**TASK DETAILS**
Using the data below, set down every line from the one containing "وتشير الوثائق إلى" through the one containing "Natural habitats, nurseries, plantations", inclusive and unchanged. Pictures are to be skipped.

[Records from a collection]
- - -
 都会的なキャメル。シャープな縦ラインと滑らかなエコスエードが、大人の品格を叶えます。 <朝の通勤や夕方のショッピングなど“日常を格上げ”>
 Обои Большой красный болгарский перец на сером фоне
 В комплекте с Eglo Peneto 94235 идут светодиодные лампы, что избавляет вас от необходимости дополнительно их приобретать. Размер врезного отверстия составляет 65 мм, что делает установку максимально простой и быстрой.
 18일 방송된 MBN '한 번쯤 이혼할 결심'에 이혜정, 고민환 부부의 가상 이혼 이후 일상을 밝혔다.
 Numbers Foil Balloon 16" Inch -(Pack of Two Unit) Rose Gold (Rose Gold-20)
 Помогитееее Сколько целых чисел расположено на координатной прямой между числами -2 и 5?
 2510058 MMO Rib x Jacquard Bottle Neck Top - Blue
- - -
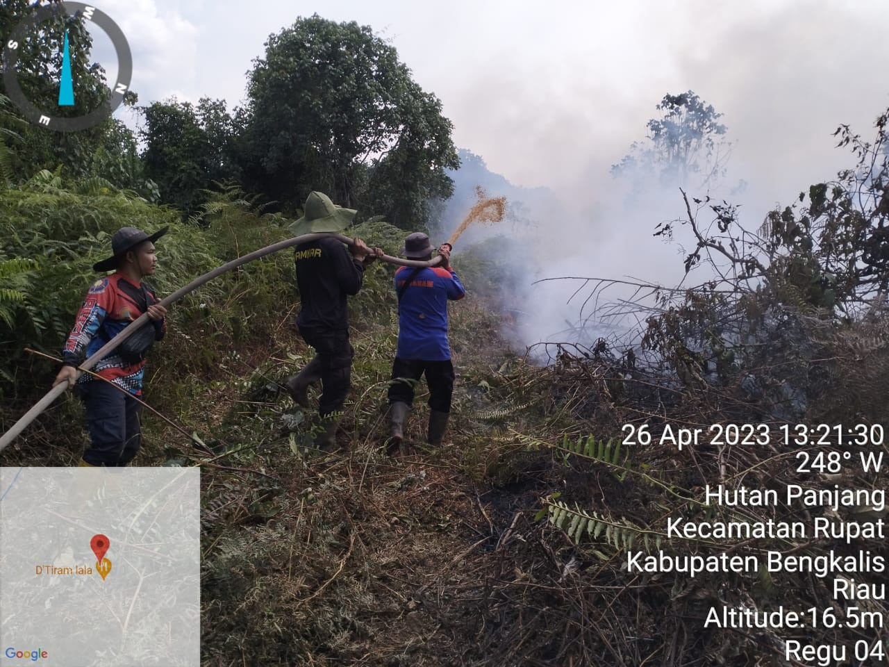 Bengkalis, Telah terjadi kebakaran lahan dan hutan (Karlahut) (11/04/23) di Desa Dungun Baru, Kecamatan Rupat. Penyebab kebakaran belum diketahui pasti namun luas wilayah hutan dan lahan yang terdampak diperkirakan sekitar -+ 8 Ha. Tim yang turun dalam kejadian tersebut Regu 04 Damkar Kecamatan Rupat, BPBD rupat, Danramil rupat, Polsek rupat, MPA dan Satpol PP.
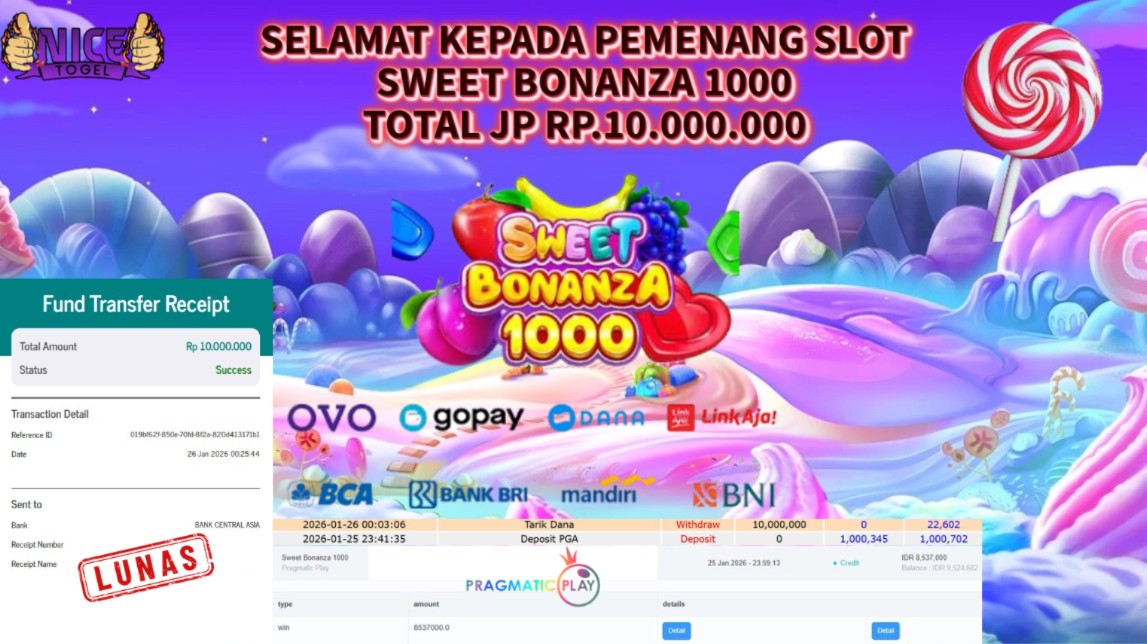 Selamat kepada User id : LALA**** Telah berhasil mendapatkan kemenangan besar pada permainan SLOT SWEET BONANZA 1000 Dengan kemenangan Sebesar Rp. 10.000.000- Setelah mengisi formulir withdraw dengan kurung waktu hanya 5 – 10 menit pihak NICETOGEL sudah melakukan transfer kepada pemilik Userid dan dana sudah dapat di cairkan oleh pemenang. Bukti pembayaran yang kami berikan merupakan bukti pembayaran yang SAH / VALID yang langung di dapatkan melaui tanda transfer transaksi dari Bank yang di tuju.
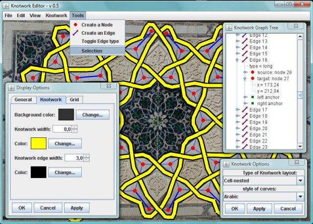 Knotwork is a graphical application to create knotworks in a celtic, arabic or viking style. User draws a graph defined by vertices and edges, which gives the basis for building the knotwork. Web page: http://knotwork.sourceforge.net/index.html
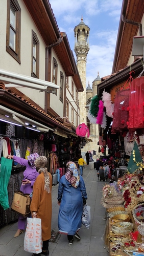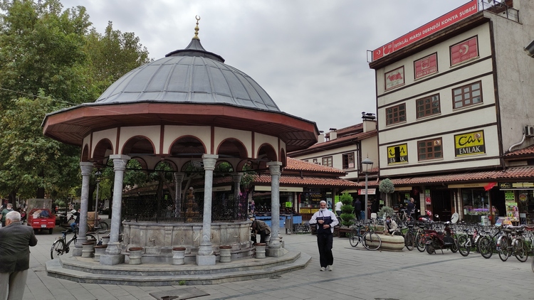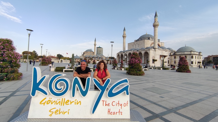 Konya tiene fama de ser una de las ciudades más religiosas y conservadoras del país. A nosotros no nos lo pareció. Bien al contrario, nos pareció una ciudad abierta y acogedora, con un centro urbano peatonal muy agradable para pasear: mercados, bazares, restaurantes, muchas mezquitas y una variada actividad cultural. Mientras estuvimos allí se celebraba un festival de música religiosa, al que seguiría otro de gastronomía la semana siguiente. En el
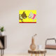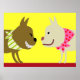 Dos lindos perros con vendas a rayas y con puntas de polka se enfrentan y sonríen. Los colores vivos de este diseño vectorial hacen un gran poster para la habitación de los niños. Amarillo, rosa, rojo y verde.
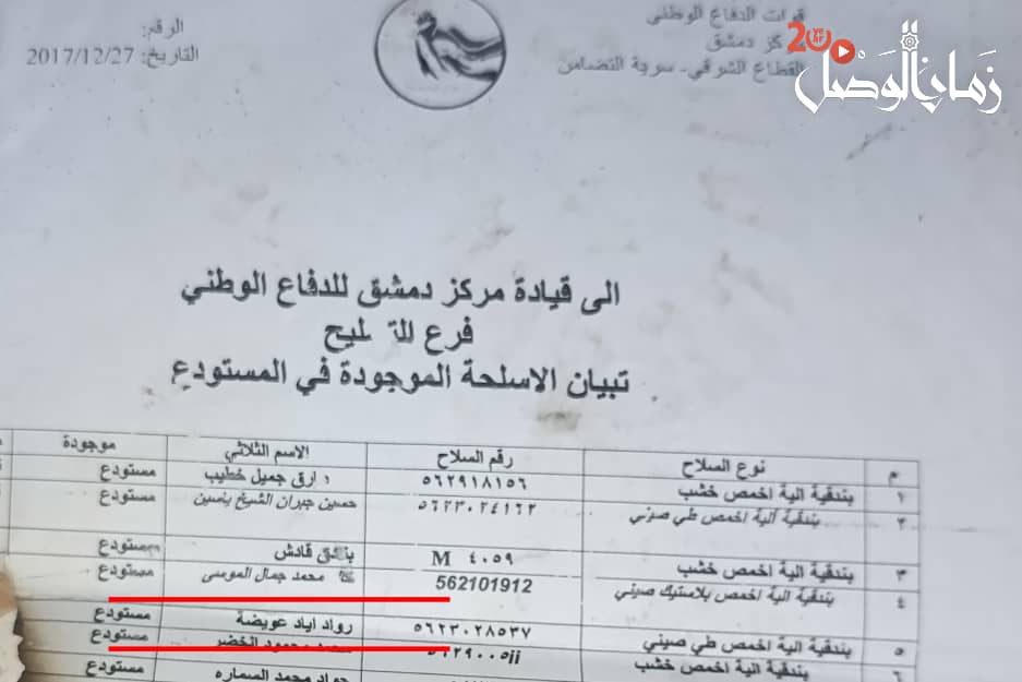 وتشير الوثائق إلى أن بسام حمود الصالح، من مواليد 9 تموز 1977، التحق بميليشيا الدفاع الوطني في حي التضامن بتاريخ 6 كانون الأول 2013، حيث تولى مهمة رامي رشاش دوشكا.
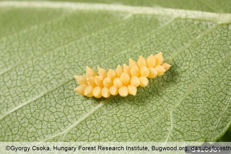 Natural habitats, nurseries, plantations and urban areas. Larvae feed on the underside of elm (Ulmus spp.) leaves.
- - -
**TASK OUTPUT**
 وتشير الوثائق إلى أن بسام حمود الصالح، من مواليد 9 تموز 1977، التحق بميليشيا الدفاع الوطني في حي التضامن بتاريخ 6 كانون الأول 2013، حيث تولى مهمة رامي رشاش دوشكا.
 Natural habitats, nurseries, plantations and urban areas. Larvae feed on the underside of elm (Ulmus spp.) leaves.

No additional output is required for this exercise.